Comment concilier l’écologie, le peace and love, les pétards, l’ordinateur, le soleil californien, la virilité, la zen attitude, une blonde, la "mère supérieure"… et les autres. On a tout à perdre et à gagner quand il s’agit de pouvoir, d’innocence, ou de la vie de ceux qu’on aime.
A méditer.

  • « La petite communiste qui ne souriait jamais » : un livre de Lola Lafon (Editions Actes Sud).
Gymnaste roumaine née en 1961, Nadia Comaneci aura marqué la gymnastique mondiale = victorieuse dans ses performances sportives, fidèle et humble dans la relation à son entraîneur (principalement les Jeux Olympiques de Montréal en 1976).
Née à l’Est et formatée par un "communisme naïf et printanier". Exposée très jeune aux lumières de l’Ouest. Coincée entre deux systèmes ? Elle choisira de rester "soumise" à sa conscience en modelant sa liberté. Alors que les femmes à l’Ouest cherchaient à s’émanciper, la petite Nadia semblait exister par delà les frontières par souci de perfection sportive … Un point de vue toujours d'actualité (?) sur le Lien profond qui unit l’Est et l’Ouest : «Crever de solitude dans son appartement ou crever de froid dehors ? ». Elle dira en 1989 à 28 ans : « Je rêvais de liberté, j’arrive aux Etats-Unis et je me dis : c’est çà la liberté ? Je suis dans un pays libre et je ne suis pas libre ? Mais où, alors, pourrai-je être libre ?».





    • « Good bye Lenin »
    Un film allemand de Wolfgang Becker (2002), scénario de Wolfgang Becker et Bernd Lichtenberg, avec Daniel Brühl (Alex Kerner), Katrin Sass (Christiane Kerner), Chulpan Khamatova (Lara), Maria Simon (Ariane), Alexander Beyer (Rainer).
    « Berlin-Est à l'été 1990. L'Allemagne se réunifie. Le socialisme réel est mis au rancart à vitesse grand V. Pour sa mère qui sort d'un coma de huit mois, un fils recrée une RDA qui n’existe plus ».
    Au sein d’une famille bien sous tout rapport : le thème de la réunification allemande sur fond de failles des systèmes socialiste et capitaliste.
    Rien de provoquant, c’est mélancolique et sentimental. Humilité et générosité qui s’évaporent à la tombée des briques du mur à Berlin en 1989.
    Réflexion sur une certaine idée du paradis perdu à l’Est qui rencontre la "sauvagerie" et l'individualisme de l’Ouest.
    Avoir un idéal, était-ce bien raisonnable ??




    « Libres enfants de Summerhill » = un livre de Alexander O’Neil, célèbre psychiatre anglais.

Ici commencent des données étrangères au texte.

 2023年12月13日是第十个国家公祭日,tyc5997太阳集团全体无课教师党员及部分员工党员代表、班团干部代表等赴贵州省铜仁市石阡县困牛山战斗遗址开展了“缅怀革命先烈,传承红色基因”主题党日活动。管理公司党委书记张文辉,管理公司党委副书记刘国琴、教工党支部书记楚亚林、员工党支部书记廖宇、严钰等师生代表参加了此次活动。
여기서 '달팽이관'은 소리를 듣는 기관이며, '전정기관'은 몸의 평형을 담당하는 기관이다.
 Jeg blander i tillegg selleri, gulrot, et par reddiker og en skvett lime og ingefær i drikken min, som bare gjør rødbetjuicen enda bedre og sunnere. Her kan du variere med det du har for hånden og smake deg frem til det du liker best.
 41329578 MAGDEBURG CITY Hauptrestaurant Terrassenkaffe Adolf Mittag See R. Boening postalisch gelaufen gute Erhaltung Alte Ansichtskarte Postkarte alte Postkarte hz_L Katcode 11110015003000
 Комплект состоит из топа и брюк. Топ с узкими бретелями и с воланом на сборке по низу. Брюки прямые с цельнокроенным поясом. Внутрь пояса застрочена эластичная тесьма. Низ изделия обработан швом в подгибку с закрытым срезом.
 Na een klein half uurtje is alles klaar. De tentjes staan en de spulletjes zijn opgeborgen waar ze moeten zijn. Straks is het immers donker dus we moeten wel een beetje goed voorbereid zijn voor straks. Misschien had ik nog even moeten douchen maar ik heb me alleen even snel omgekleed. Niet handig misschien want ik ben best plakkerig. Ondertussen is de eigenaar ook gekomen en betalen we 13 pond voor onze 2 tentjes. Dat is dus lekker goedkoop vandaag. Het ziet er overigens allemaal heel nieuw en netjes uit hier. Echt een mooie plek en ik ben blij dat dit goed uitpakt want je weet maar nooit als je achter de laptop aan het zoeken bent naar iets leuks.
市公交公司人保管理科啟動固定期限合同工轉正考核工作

    « Summerhill, c’est l’aventure d’une école autogérée fondée en 1921 dans la région de Londres. Son fondateur, le psychanalyste A. S. Neill, a mis les découvertes psychanalytiques au service de l’éducation. Il s’est dressé contre l’école traditionnelle soucieuse d’instruire mais non pas d’éduquer. Il s’est dressé contre les parents hantés par le critère du succès (l’argent). Il s’est insurgé contre un système social qui forme, dit-il, des individus “manipulés” et dociles, nécessaires à l’ensemble bureaucratique hautement hiérarchisé de notre ère industrielle.  Education libre et originale suscitant de nombreux débats pédagogiques et contribuant à relancer la question des droits de l’enfant ».

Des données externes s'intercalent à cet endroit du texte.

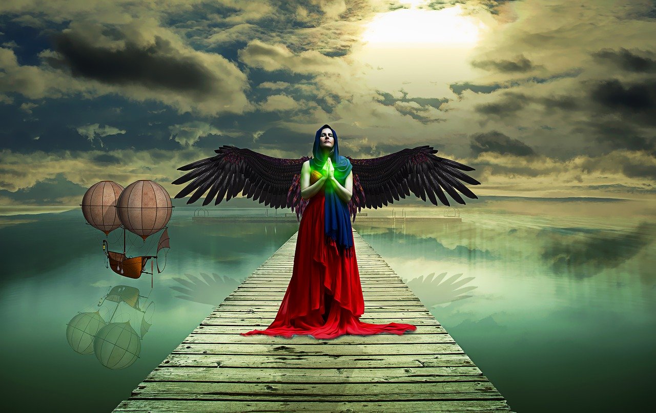 woman-3839760 女性 巫女 神秘的 ファンタジー 祈る 桟橋 山 自然 湖
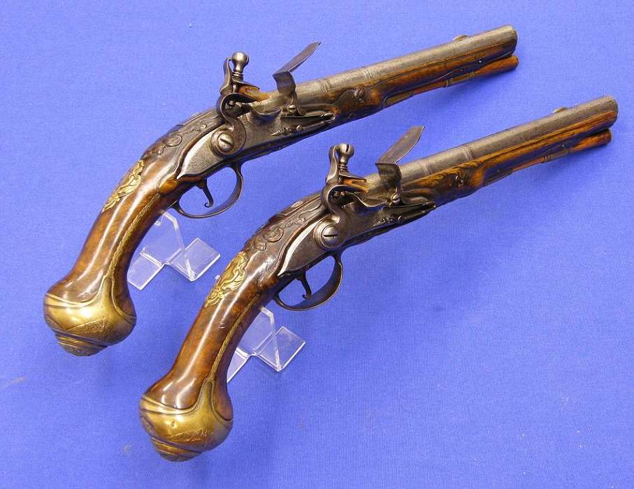 Bella pareja de pistolas holandesas de silex por Penterman de Utrecht, sobre 1720, longitud de 42 cm. Calibre 16 mm. En muy buen estado,
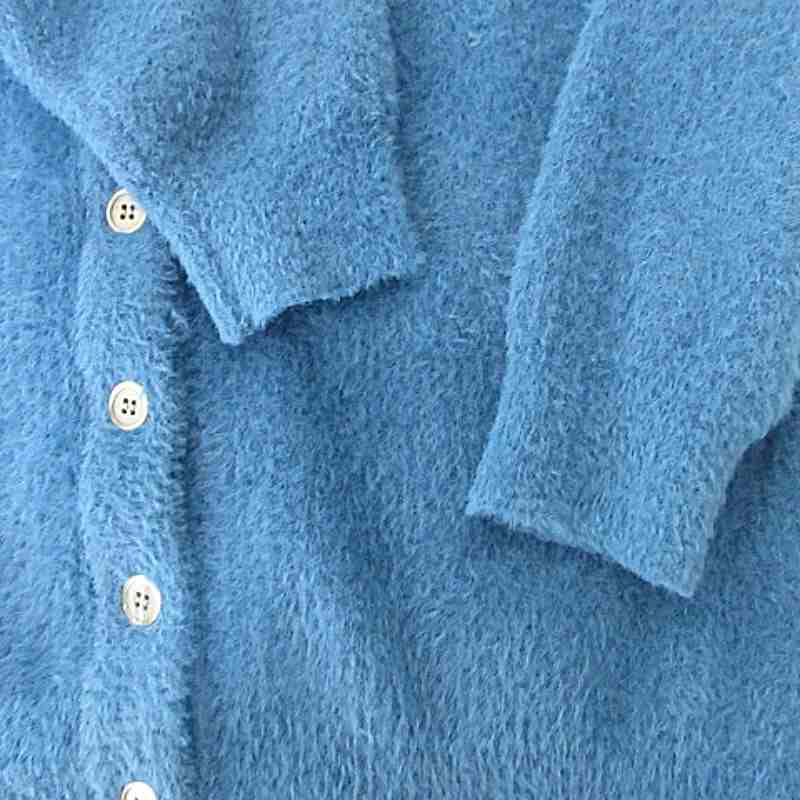 サマンサモスモス SM2 美品 シャギーニット カーディガン セーター F 紺碧 ブルー レディース
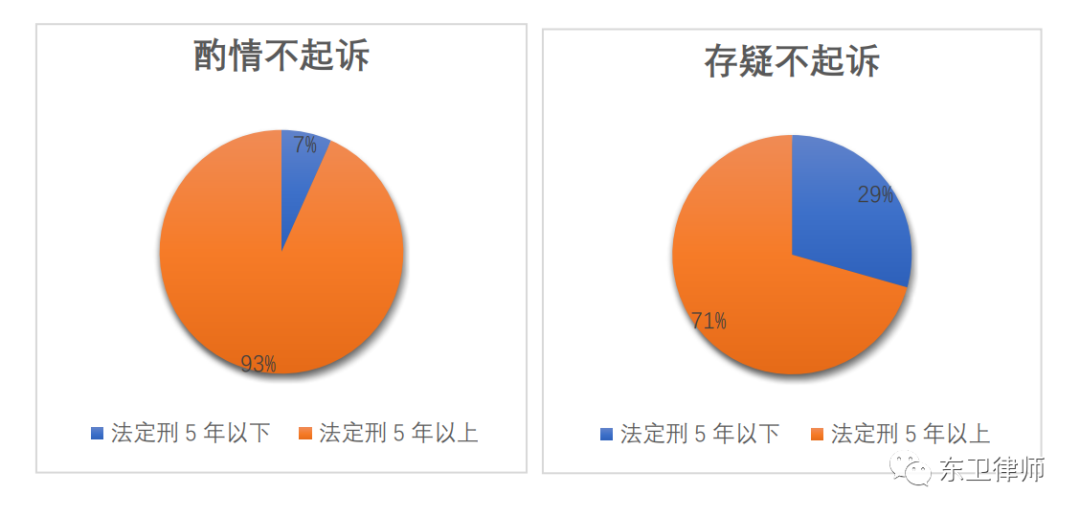 酌定不起诉涉案金额低,法定刑基本在5年以下;存疑不起诉涉案金额高,法定刑多在5年以上。
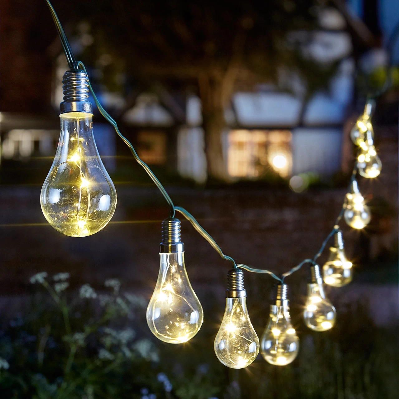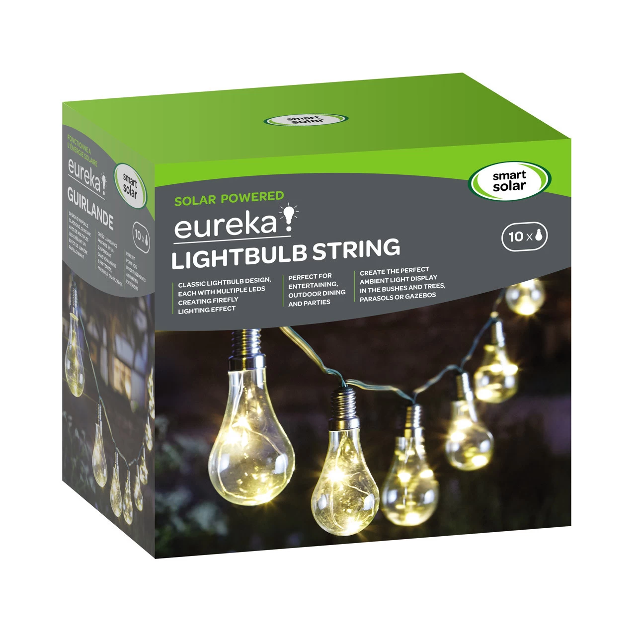 The Eureka! Lightbulbs Solar String Light from Smart Solar features 10 individual glass light bulbs, each light contains 3 x warm white LEDs on micro wire creating a stunning fairy light effect. These solar festoon lights create the perfect ambient light display to transform your garden when placed in bushes, trees, parasols or gazebos and are perfect hung from festoon poles for lighting up alfresco dining areas and outdoor spaces.
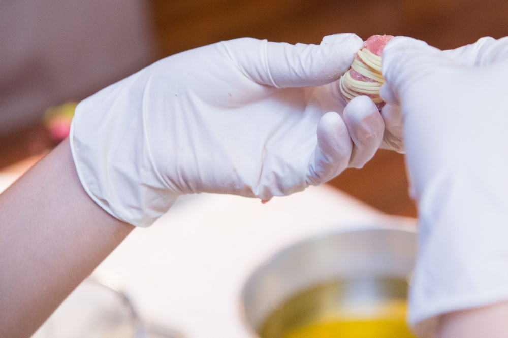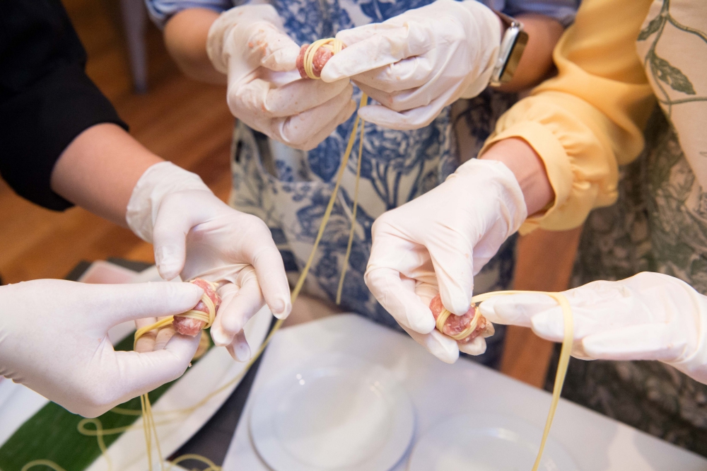 วิธีทำ : นำหมูบดและเครื่องปรุงคลุกให้เข้ากันแล้วนวดให้เหนียว นำเส้นหมี่ซั่วมาจุ่มน้ำพอชุ่ม ผึ่งไว้ในตะแกรง พร้อมคลุมผ้าขาวบาง จากนั้นจับเส้นหมี่ซั่วประมาณ 3-5 เส้น พันหมูให้เป็นก้อนกลมคล้ายลูกตะกร้อ แล้วตั้งกระทะใส่น้ำมัน ใช้ไฟอ่อนปานกลาง นำหมูที่พันเส้นหมี่ซั่วแล้วลงทอดโดยให้น้ำมันท่วมชิ้นหมู ทอดจนสุกเหลืองอร่าม นำขึ้นวางพักให้สะเด็ดน้ำมัน รับประทานคู่กับน้ำจิ้มบ๊วย

    • « Sophie Scholl : non à la lâcheté » = un livre de Jean- Claude Mourlevat aux Editions Actes sud Junior.
    Roman historique. Depuis toujours, il y a dans le monde des hommes et des femmes qui ont su dire non à ce qui leur paraissait inacceptable …

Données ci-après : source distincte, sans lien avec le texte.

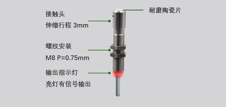 ECOTTER自主研發(fā)了接觸式傳感器S2-CS078和探桿式S2-CS089系列,常用于接觸檢測、原點定位等工業(yè)自動化場景,S2-CS078接觸面帶耐磨陶瓷片,產(chǎn)品使用更長久。
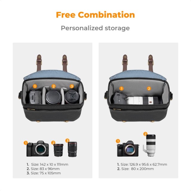 • * 【Espacio personalizable】 Esta bolsa cruzada para cámara cuenta con dos separadores acolchados extraíbles para separar y proteger diferentes cámaras, flashes, objetivos y demás equipo fotográfico; el espacio interior se puede adaptar a tus necesidades.
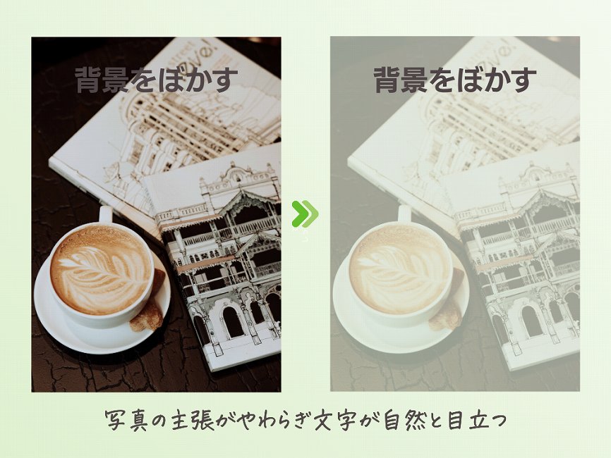 - 背景の雰囲気を残しながら文字だけクッキリ見せることが可能
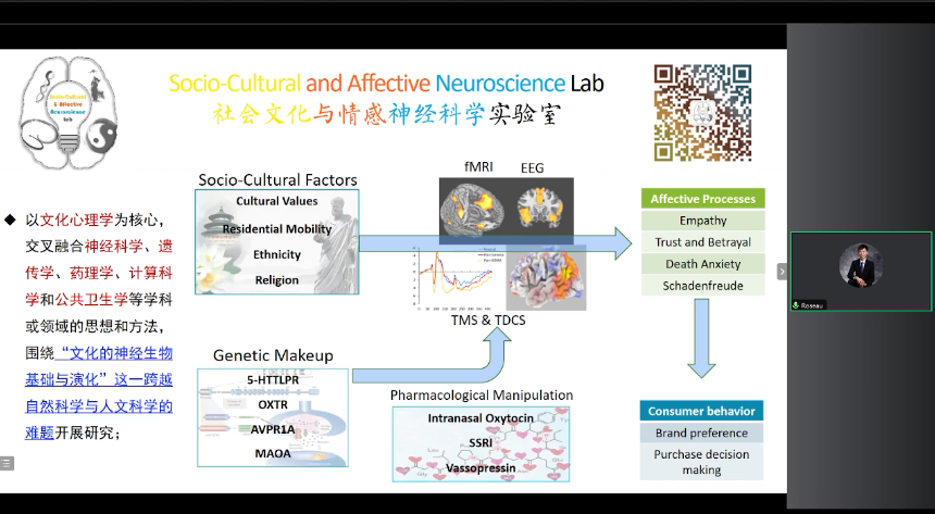 我們課題組叫社會(huì)文化與情感神經(jīng)科學(xué)實(shí)驗(yàn)室,主要是圍繞文化心理學(xué)的一些研究主題開(kāi)展研究。不但會(huì)使用心理學(xué)的傳統(tǒng)研究方法,而且還會(huì)交叉融合到神經(jīng)科學(xué)、遺傳學(xué)、藥理學(xué)、計(jì)算科學(xué)及公共衛(wèi)生學(xué)的一些理論以及方法,來(lái)開(kāi)展這種交叉科學(xué)的研究工作。

    « Elle voulait passer inaperçue, devenir invisible. Or, il lui semble qu’elle occupe tout l’espace, qu’on ne voit qu’elle, dans la gare. La poignée de la valise lui brûle les doigts. Car la menace est partout, qui rôde : les soldats de la Wehrmacht, la police criminelle, la Gestapo. Aussi longtemps qu’elle tient cette valise au bout de son bras, elle est en danger de mort. Et elle le sait ».








    « Notre vie n’est pas la nôtre. Nous sommes liés aux autres, dans le passé, dans le présent, et l’avenir.
     Je suis persuadé qu’un autre monde nous attend, 
    un monde meilleur, et c’est là bas que je t’attendrais ».